Here's a hint for you: You are probably putting your Django template files in the wrong place.

vim yourdjangoproject/someapp/templates/someapp/sometemplate.html

Looks familiar? Uh oh — seems I got you.

So what's wrong with that line?

The most obvious giveaway is the double occurrence of your app's name. Ever wondered why you should have to put your templates in a directory named after the app that the current templates directory belongs to? No? Aww, you disappoint me. Aren't we developer types supposed to be lazy and such?

Anyway, if you never asked yourself that question, chances are this hasn't occurred to your either: Why would anyone ever want to put a template for one app in the templates directory of another app. Most likely that is because pretty much nobody ever would want to do that.

But that's the Django way!

No, sorry to disappoint you. And no that does not help with a structured project layout. Remember that it's good style to design Django apps as reusable? You probably do and you are probably thinking: "Haha! Right! Now what do you say to that?!" I answer: My point exactly.

Let's assume you strife to design your apps in a reusable manner. Good for you. Now think of how often you have multiple projects with equaling HTML layouts. My guess is you don't have those very often. So that means the templates that came with your neat reusable app have to be customized to the project. And suddenly your app isn't that reusable anymore just because you bundled templates with it.

But my web designer…

Apart from that you aren't doing your designer a favor either. If you put your templates inside of your app structure the poor guy/girl will have to dig through all those funny .py and .pyc files. I hear those contain some of the strange stuff those weird corder guys mess around with.

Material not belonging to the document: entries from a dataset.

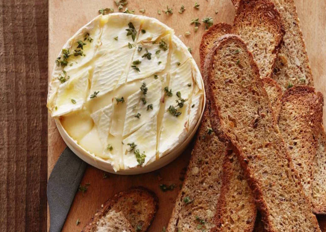 Нужно купить не самый дорогой камамбер, распаковать его, сделать надрезы и поставить на противень.
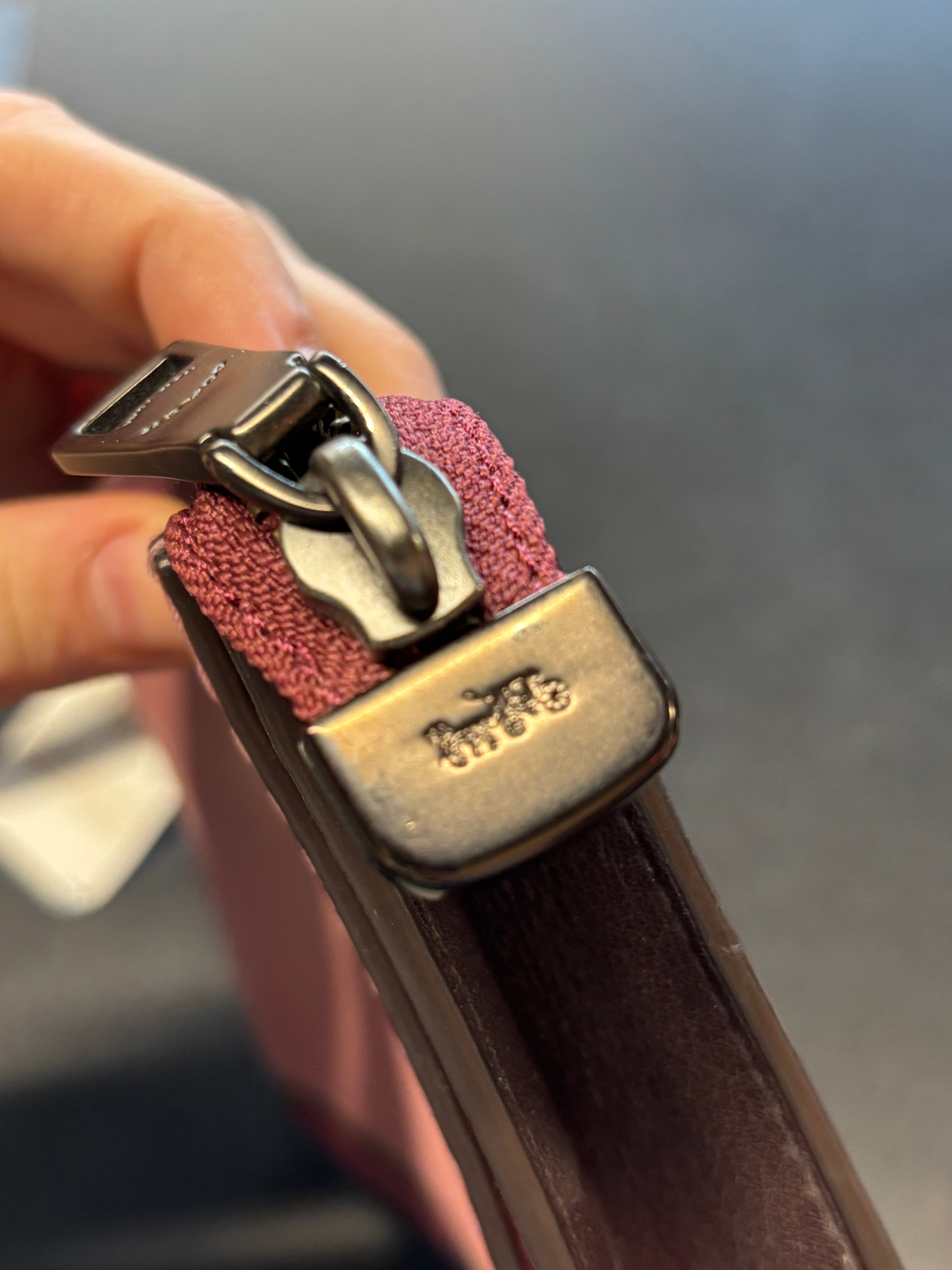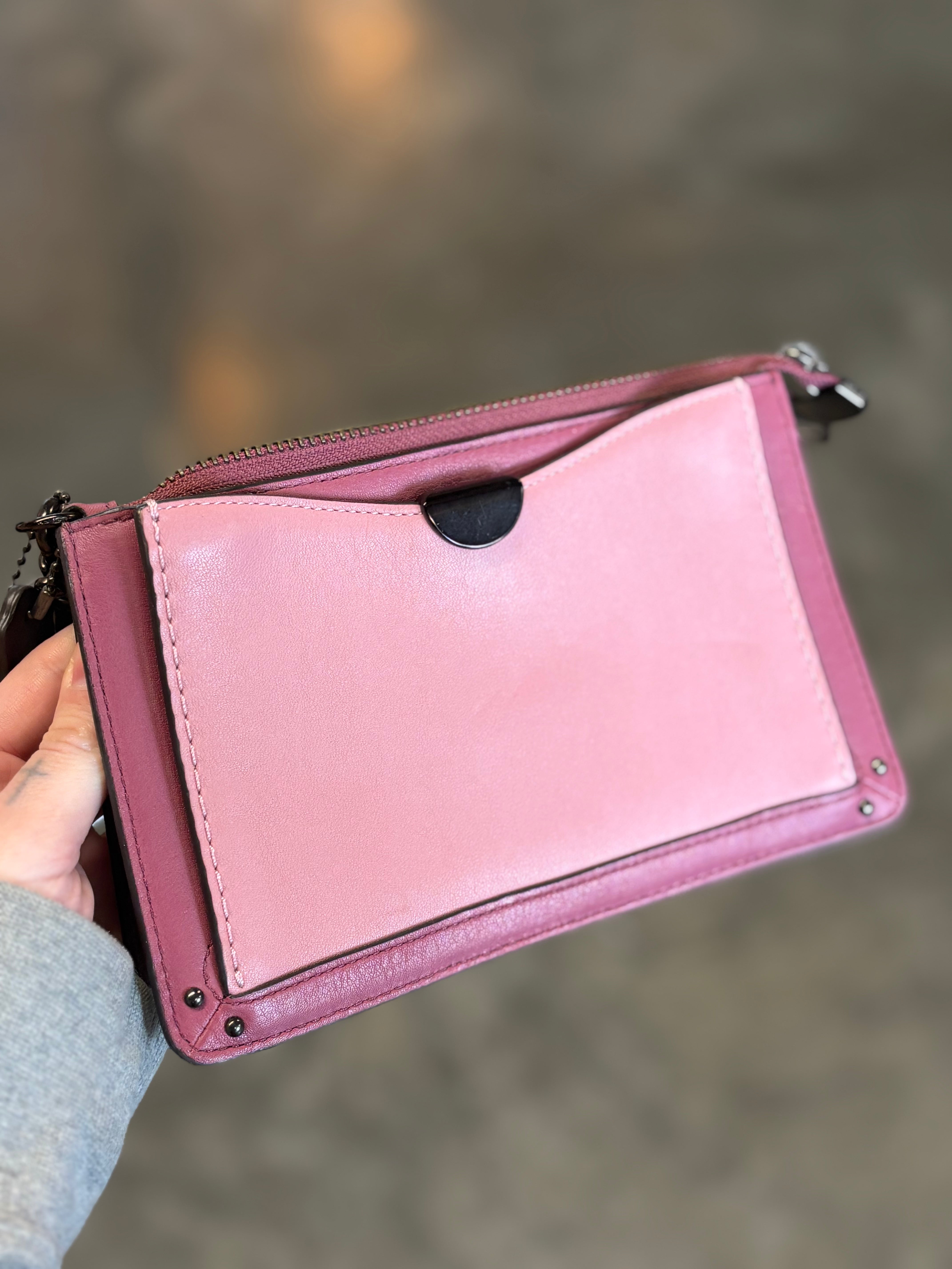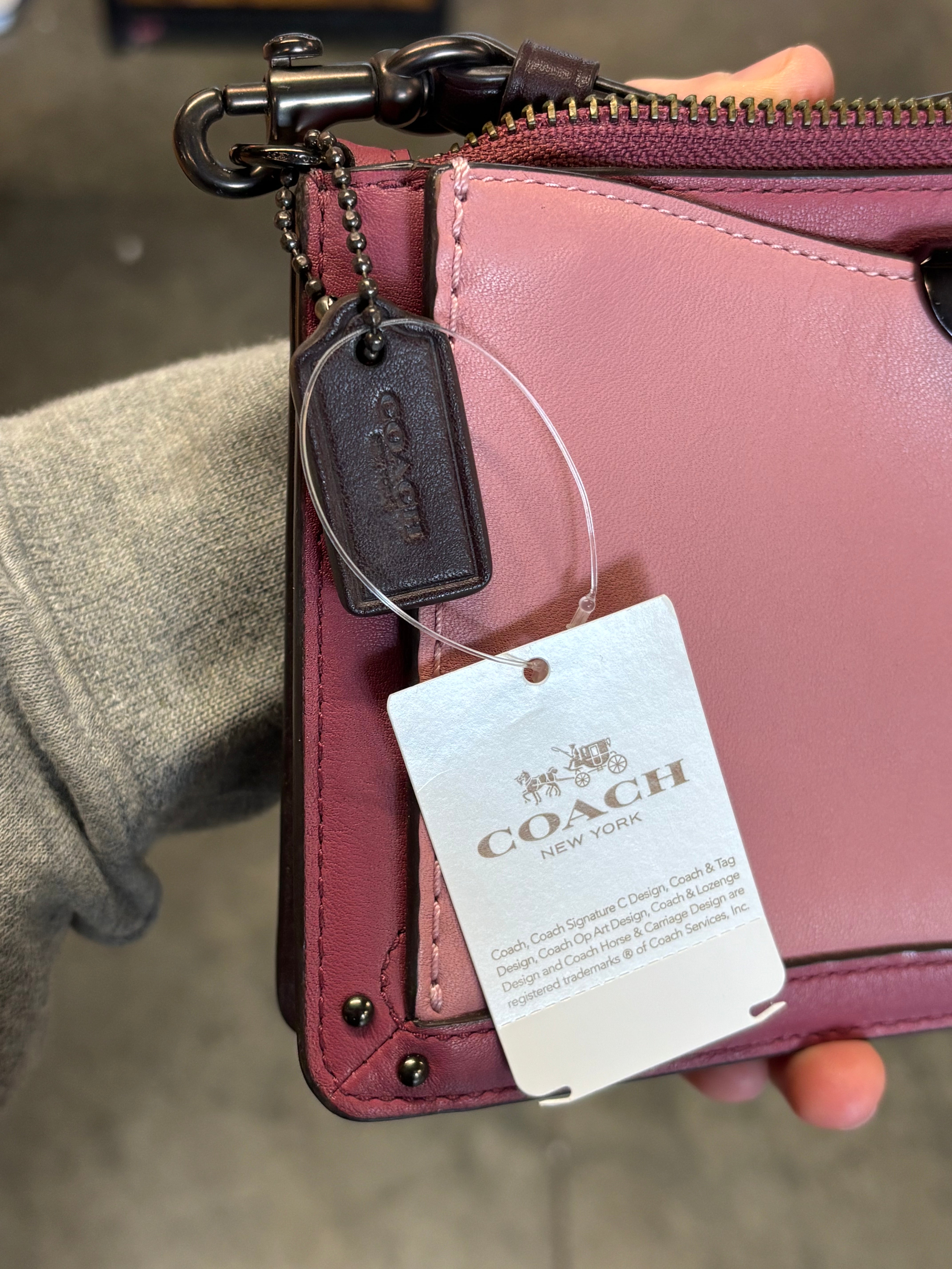 Bright, bold, and incredibly cute — this Coach Colorblock Leather Wristlet in True Pink Multi is the perfect pop of color for everyday essentials. Comes brand new with original Coach tags, featuring gorgeous soft leather and gunmetal hardware.
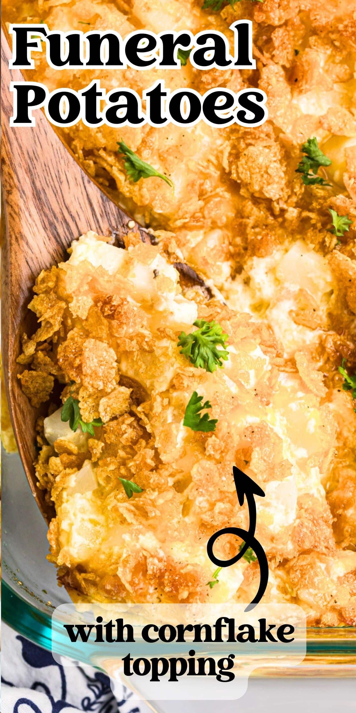 The ultimate Funeral Potato recipe with a creamy, cheesy base and crispy cornflake topping. Read our guide for make ahead tips, freezing guide and recipe substitutions. It goes well with our crockpot ham recipe.
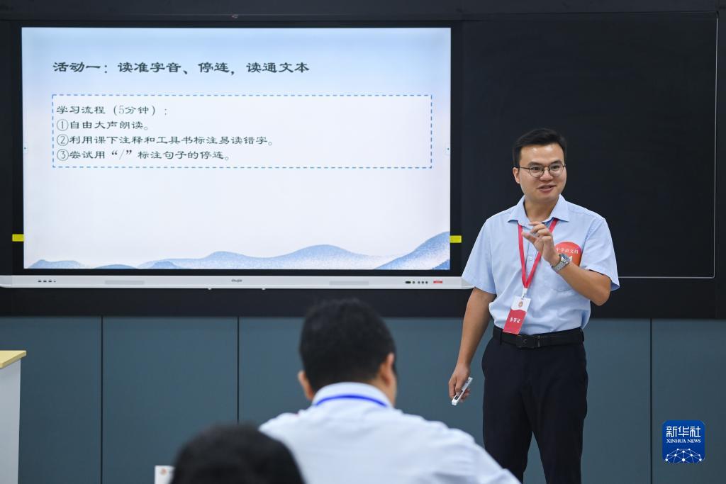 8月22日,中学语文组的一名教师在进行教学展示。
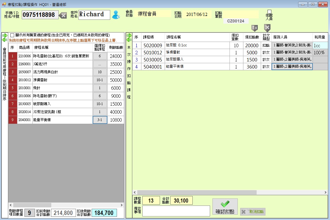 詳細紀錄客戶所有交易紀錄:消費、扣點、剩餘儲值、療程異動、預約紀錄等
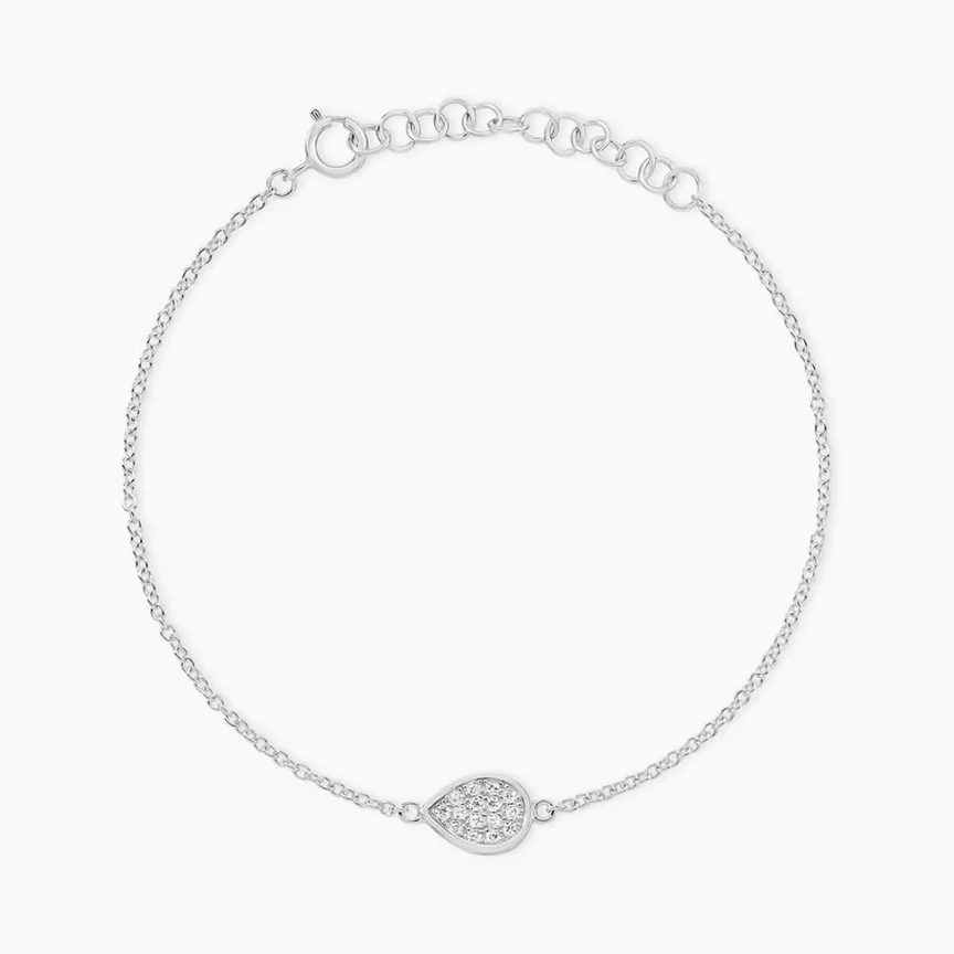 Bracelet Argent 925/1000 tricoria Goutte Pavage Oxydes De Zirconium Maille Forcat 18cm
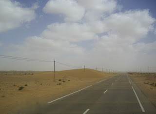 Der Sturm schiebt in unverminderter Stärke die Sandfahnen über die Straße und die Dünen am Strand sind hier nun schon so hoch, das wir das Meer dahinter nicht mehr sehen können. Entsprechend viel Sand zum Umverteilen steht dem Wind zur Verfügung und er macht reichlich Gebrauch davon.
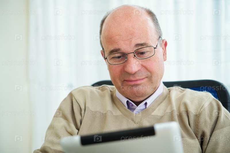 Зрелый мужчина читает электронную книгу

Now if you put all your templates in one directory — possibly even outside of your Django project structure — there will be minimum contact of Python code and HTML. That's a nice thing to do for your layout guy/girl. Just point them at the directory and all they will ever see is homely .html. Once you see the happy smile on their face you will know it was the right thing to do.

Besides that you might remember that us weird coder people also like to fight the constant battle of parting layout from logic. A battle we lose often enough, so why not claim victory where it comes easy?

But you didn't cover my use case at all!

Of course I'm speaking generally here. There are loads of use cases in which it absolutely makes sense to bundle templates with your app. Perhaps in your case your templates simply never change because your app provides some add-on functionality like a WYSIWYG editor. Or you want to provide default templates that are at least unlikely to change much — perhaps some email templates.

The lesson here is that you probably should put your template files in an extra template directory because it makes stuff simpler. And simpler most of times equals better. If you can name a good reason why you still want to bundle your templates with your app, forget I ever said anything and carry on.